We shall next show in what ratio the resistance to fracture in prisms and cylinders increases with increasing thickness while [160] the length remains unchanged. Here I say that (Proposition 4): In prisms and cylinders of equal length but of unequal thicknesses, the resistance to fracture increases in the same ratio as the cube of the diameter of the thickness, i.e., of the base.
Let A and B be two cylinders of equal lengths DG, FH; let their bases be unequal, namely, the circles with the diameters CD, EF. Then I say that the resistance to fracture offered by the cylinder B is to that offered by A as the cube of the diameter EF is to the cube of the diameter CD. For if we consider the resistance to fracture by longitudinal pull as dependent upon the bases, i.e., upon the circles EF and CD, no one can doubt that the resistance of the cylinder B is greater than that of A in the same proportion in which the area of the circle EF exceeds that of CD; this is so because it is precisely in this ratio that the number of fibers binding the parts of the solid together in the one cylinder exceeds that in the other cylinder. But in the case of a force acting transversely, it must be remembered that we are employing two levers in which the forces are applied at distances DG and FH, and the fulcrums are located at the points D and F; and the resistances act at distances that are equal to the radii of the circles CD and EF, since the fibers distributed over these entire cross sections act as if concentrated at the centers. Remembering this and remembering also that the arms, DG and FH, through which the forces G and H act are equal, we can understand that the resistance located at the center of the base EF and acting against the force H is greater than the resistance at the center of the base CD opposing the force G in the ratio of the radius EF to the radius CD. Accordingly, the resistance to fracture offered by the cylinder B is greater than that of the cylinder A in a ratio which is compounded of that of the area of the circles EF and CD and that of their radii, or of their diameters. But the areas of circles are as the squares of their diameters.
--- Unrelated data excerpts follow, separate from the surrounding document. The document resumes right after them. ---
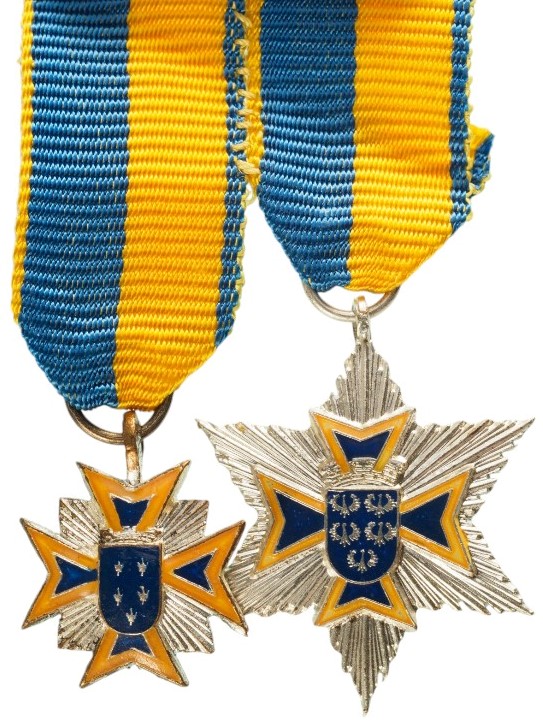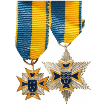 Grand Officer's Set Miniatures. Breast Badge, 18x15 mm, gilt and silvered Bronze, one side enameled, original suspension ring and ribbon. Breast Star, 25 mm, silvered and gilt Bronze, superimposed part enameled, original suspension ring and ribbon. A beautiful rare set, in very fine condition! I R!
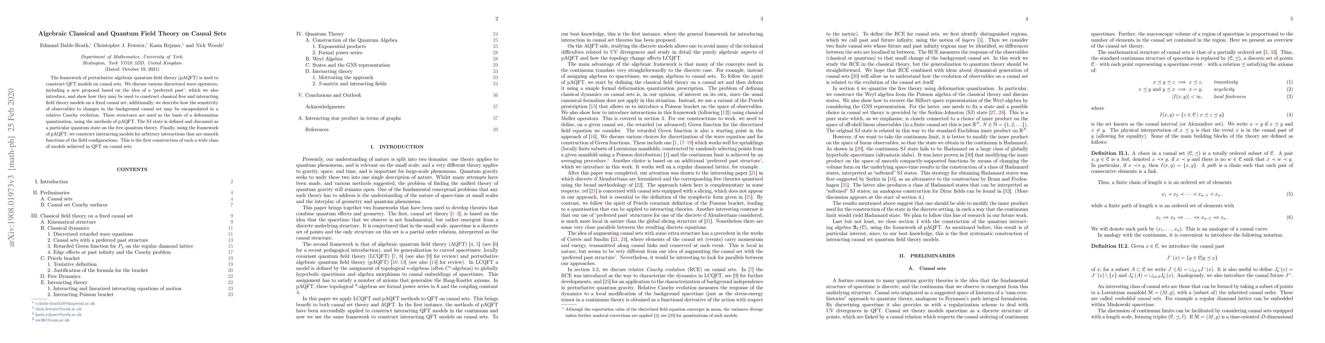 This paper constructs quantum field theory (QFT) models on causal sets using perturbative algebraic quantum field theory (pAQFT), introducing discretised wave operators including a 'preferred past' concept. It also develops classical field theories on causal sets and explores the sensitivity of observables to background changes via relative Cauchy evolution, culminating in a deformation quantization approach.
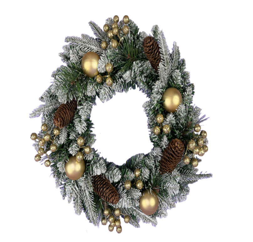 40cm Artificial Spruce and Pine Christmas Wreath With Ornament,Holly, red Berries & Real Pine cones.

Therefore, the ratio
of the resistances, being the product of the two preceding ratios, is the same as that of the cubes [161] of the diameters. This is what I set out to prove.
Moreover, since the volume of a cube varies as the third power of its edge, we may say that the resistance of a cylinder whose length remains constant varies as the third power of its diameter. So from the preceding we are also able to derive a Corollary: The resistance of a prism or cylinder of constant length varies as the three-halves power of its volume or weight. This is evident as follows. The volume of a prism or cylinder of constant altitude varies directly as the area of its base, i.e., as the square of a side or diameter of this base. But as just demonstrated, the resistance varies as the cube of this same side or diameter. Hence, the resistance varies as the three-halves power of the volume—and consequently also of the weight—of the solid itself.